How your company can defend itself
As written in this blogpost, a successful whaling attack could cost your company a lot of money and losing the trust of your customers. Defending yourself against whale phishing and all types of phishing should be a priority in your company. So here are some initiatives that your company can take to defend itself.
Educate your employees
A great way to defend your organization from phishing attacks is to instill a good cyber security culture in your company. Not only the those in senior positions should be educated about cybersecurity but everyone in the organization should be made aware of the dangers of phishing. Everyone in the organization should know who to contact in case of suspicious e-mails.
Implement phishing training
It’s important that your team is aware of suspicious e-mails and links, so that they don’t fall victim or provide sensitive information such as bank information, passwords, and usernames to cybercriminals. One way to train your team is by making them aware of what whale phishing is using CyberPilot’s Phishing-training.
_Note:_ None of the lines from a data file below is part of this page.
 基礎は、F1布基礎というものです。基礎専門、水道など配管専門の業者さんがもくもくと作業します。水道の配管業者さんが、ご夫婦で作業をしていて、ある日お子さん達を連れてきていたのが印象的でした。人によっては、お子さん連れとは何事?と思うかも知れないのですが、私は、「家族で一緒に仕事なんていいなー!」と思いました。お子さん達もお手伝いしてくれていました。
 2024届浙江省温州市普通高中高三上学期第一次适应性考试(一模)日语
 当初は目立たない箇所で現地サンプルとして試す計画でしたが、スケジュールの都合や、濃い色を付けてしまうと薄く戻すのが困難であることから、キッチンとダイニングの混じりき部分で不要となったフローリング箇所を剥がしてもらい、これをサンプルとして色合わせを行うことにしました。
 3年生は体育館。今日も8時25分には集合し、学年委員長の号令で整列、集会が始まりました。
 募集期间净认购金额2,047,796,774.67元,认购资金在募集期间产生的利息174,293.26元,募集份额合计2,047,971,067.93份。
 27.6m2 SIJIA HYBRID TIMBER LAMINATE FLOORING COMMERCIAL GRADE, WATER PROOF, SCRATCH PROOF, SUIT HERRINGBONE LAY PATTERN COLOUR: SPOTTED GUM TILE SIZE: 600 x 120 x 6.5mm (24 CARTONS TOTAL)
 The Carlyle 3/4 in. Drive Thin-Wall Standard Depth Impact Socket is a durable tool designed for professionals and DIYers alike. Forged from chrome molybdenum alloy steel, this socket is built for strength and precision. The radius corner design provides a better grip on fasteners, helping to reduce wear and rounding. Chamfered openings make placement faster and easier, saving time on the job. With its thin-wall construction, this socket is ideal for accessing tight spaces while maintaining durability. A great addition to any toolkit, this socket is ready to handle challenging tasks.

Use appropriate privacy settings online.
You could educate your employees about social media. Executives and higher-ups can limit access to their information by setting privacy restrictions on their SoMe accounts. Setting privacy restrictions can prevent cybercriminals from exploiting that information.
Your company’s culture is an integral part of your defense against cybercriminals. Awareness-training is just a part of the puzzle, but it’s also about creating an environment where employees are not afraid of making or reporting mistakes.
You should educate your whole team, not just the higher ups in how to identify these types of attacks. It’s about creating a positive cybersecurity culture in your company that everyone can benefit from. Recognizing phishing attempts is crucial for a company’s security. All it takes is one wrong click.